A woman is mad because she discovered her husband was talking to a recently separated officemate and offering her words of comfort as she goes through her separation. “Honestly, I felt jealous on how he comforts her,” she complained. “He already did this before when we were living together. He would still message his ex, chat with girls he used to date before me. I don’t know if you call that cheating?”
She wonders if she’s in the right or is she only becoming sensitive. She asked other mommies if it’s okay to still talk to someone you used to flirt with.

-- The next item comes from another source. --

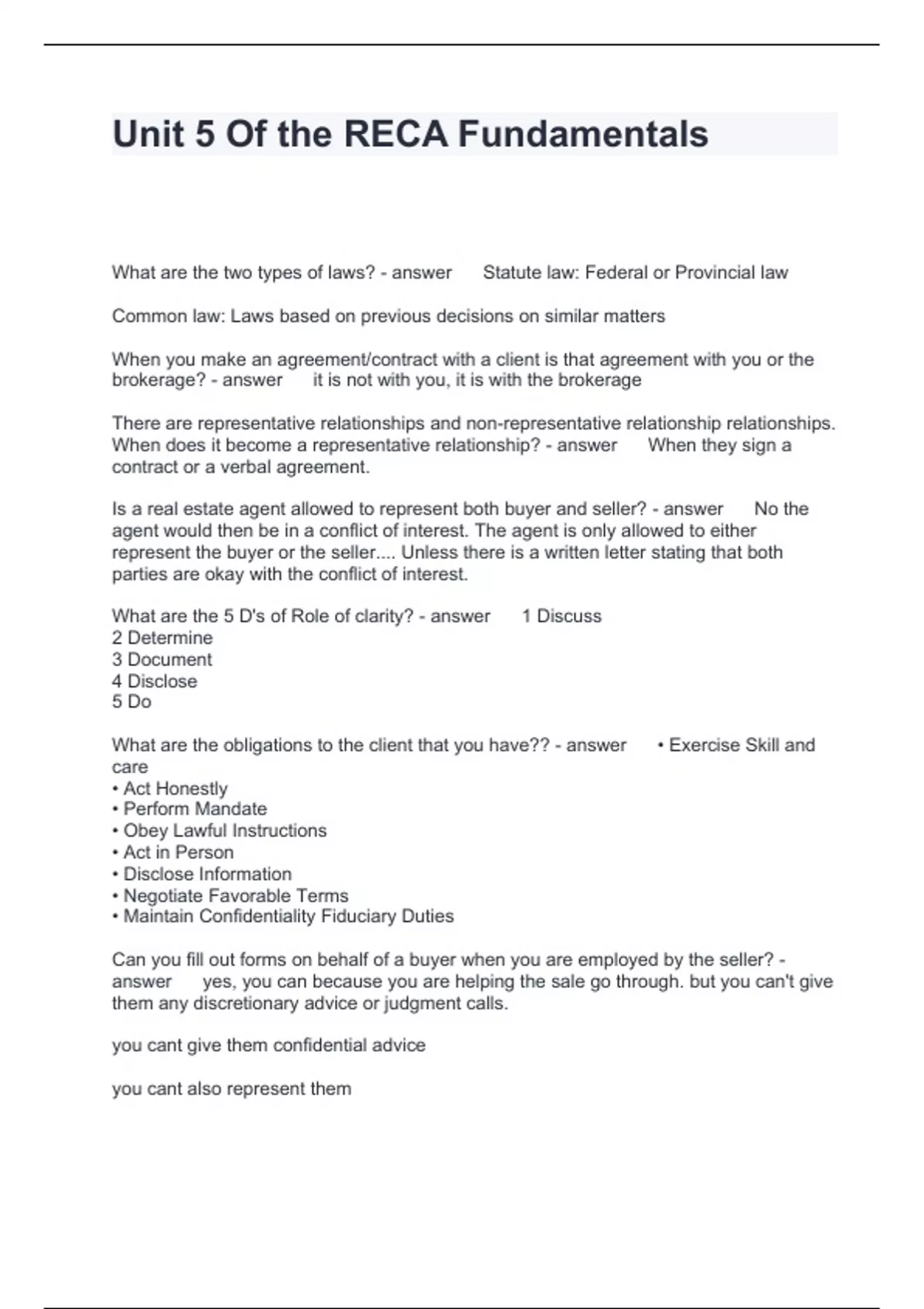 Unit 5 Of the RECA Fundamentals Questions and Answers Latest Updated

I applaud women who have the courage to ask whether they are right or wrong before they go bazooka on the husband. In every fight, there’s two sides of every story, and despite thinking that she should be right all the time being the woman of his dreams and the mother of his child, I honestly don’t think that the woman is right all the time.
Whether or not this is cheating depends on the couple—Have they talked about about this before? Was cheating ever defined? Is kissing on the cheek cheating? Is texting about non-sexual issues cheating? If you’ve not discussed cheating and set the limits early in the relationship, how can you clearly say that he was cheating when he was just comforting a woman through her separation?

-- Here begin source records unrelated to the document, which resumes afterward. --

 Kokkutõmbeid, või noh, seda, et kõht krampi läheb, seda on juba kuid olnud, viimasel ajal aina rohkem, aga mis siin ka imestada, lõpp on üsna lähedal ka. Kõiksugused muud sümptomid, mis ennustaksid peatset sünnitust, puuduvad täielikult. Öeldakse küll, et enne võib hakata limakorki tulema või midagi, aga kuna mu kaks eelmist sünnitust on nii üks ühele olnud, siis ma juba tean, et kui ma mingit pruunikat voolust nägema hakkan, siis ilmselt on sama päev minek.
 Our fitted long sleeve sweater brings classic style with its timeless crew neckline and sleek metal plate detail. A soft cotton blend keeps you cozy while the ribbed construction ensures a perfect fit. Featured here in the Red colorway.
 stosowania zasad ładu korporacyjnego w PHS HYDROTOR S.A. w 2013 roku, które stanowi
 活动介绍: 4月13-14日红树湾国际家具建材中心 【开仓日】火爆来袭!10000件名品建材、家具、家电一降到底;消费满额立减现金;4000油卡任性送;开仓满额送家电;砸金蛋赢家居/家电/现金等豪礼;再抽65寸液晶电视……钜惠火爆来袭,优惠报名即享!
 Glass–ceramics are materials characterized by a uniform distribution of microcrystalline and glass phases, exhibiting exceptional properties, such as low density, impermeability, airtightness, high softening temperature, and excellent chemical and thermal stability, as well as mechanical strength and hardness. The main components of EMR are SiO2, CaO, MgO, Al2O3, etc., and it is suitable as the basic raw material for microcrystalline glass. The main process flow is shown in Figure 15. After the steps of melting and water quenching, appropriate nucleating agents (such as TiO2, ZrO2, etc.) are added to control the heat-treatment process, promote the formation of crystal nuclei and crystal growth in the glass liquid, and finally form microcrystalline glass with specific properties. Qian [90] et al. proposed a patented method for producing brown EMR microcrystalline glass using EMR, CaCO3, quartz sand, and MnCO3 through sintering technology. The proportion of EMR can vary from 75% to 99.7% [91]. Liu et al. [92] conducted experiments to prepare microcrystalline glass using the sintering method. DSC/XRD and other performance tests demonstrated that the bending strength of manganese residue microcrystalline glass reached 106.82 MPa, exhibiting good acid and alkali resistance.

It is only cheating if you’ve told him that this specific action made you uncomfortable, and both of you resolved not to do this action again. And then, without telling you, he still did it. Now that’s cheating.

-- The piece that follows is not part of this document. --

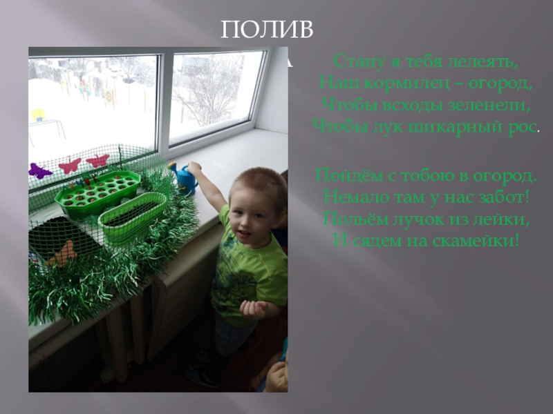 Польём лучок из лейки,

But without any discussion or agreement to stop such action, how can you throw the word “cheating” to his face?
MEN ARE NOT MIND READERS.
We need to tell him what bothers us, and be very specific and thorough about it. But a big problem for us women is that we hate discussing sensitive issues. We don’t get our resolutions before it happens. Then, when shit hits the fan, we react explosively.
A friend of mine pissed his girlfriend off because he chatted with an ex on Facebook. They resolved for him to cut off all his exes. A few months later, we had a group lunch and one of the attendants was a girl whom he pursued before and he got basted. She got pissed about that as well. The girl wasn’t an ex, and it was a group lunch. Who knew?
If you want to stop fighting, have the courage to sit down and talk about rules and regulations re: talking to other women. Define what’s cheating and what’s just being friendly? Where do you draw the line? What’s ok and not okay?
Take this opportunity to also discuss consequences if your guy crosses the line. Will you leave him? Should there be a penalty? My friend was a repeat offender so I suggested a penalty of Php 100,000 if caught cheating. Hey, it’s money she didn’t have before. If you’re unmarried, this is a good time to discuss child support and put the agreement on paper.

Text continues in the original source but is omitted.